Background: AL amyloidosis is a bone marrow disorder in which clonal plasma cells produce light chains that misfold and deposit in vital organs, such as the kidneys and heart, leading to organ failure and eventual death. Treatment is directed towards the clonal plasma cell population in an effort to halt the production of toxic light chains and recuperate organ function. Pallidini et al. demonstrated that almost 50% of patients with AL amyloidosis who achieved a complete hematologic response to prior therapy had minimal residual disease (MRD) detectable in their bone marrow by multiparametric flow cytometry (MPF).1. Next generation gene sequencing (NGS) has been a successful tool in measuring MRD among patients with multiple myeloma2 though the data regarding its use in AL amyloidosis are limited.
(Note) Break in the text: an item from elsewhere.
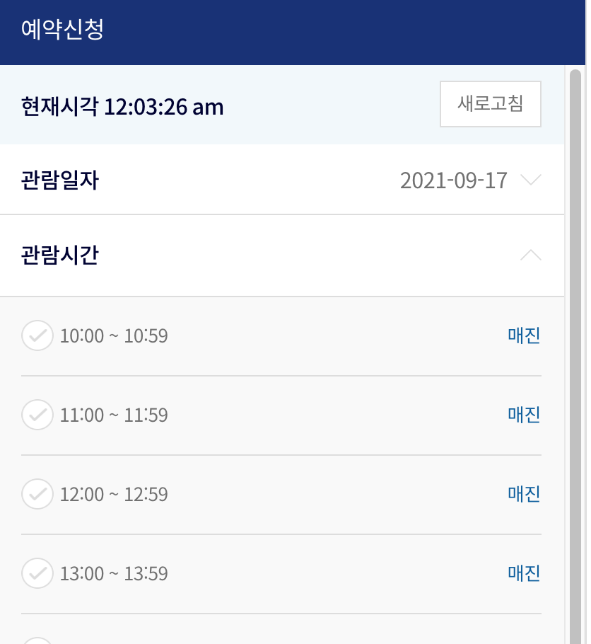 - 국립현대미술관은 전시일 14일 전 00:00에 오픈되는데요. 12시 02분에 들어갔는데도 매진이네요!! 보통 1분 이내로 매진된다고 합니다.

AL amyloidosis is a disease with a much smaller plasma cell burden at baseline (typically 5-10%), making the task of isolating an initial clonal sequence even more challenging. We sought to evaluate NGS as a method of isolating a clonal population of plasma cells among patients with systemic AL amyloidosis in a first-ever feasibility study.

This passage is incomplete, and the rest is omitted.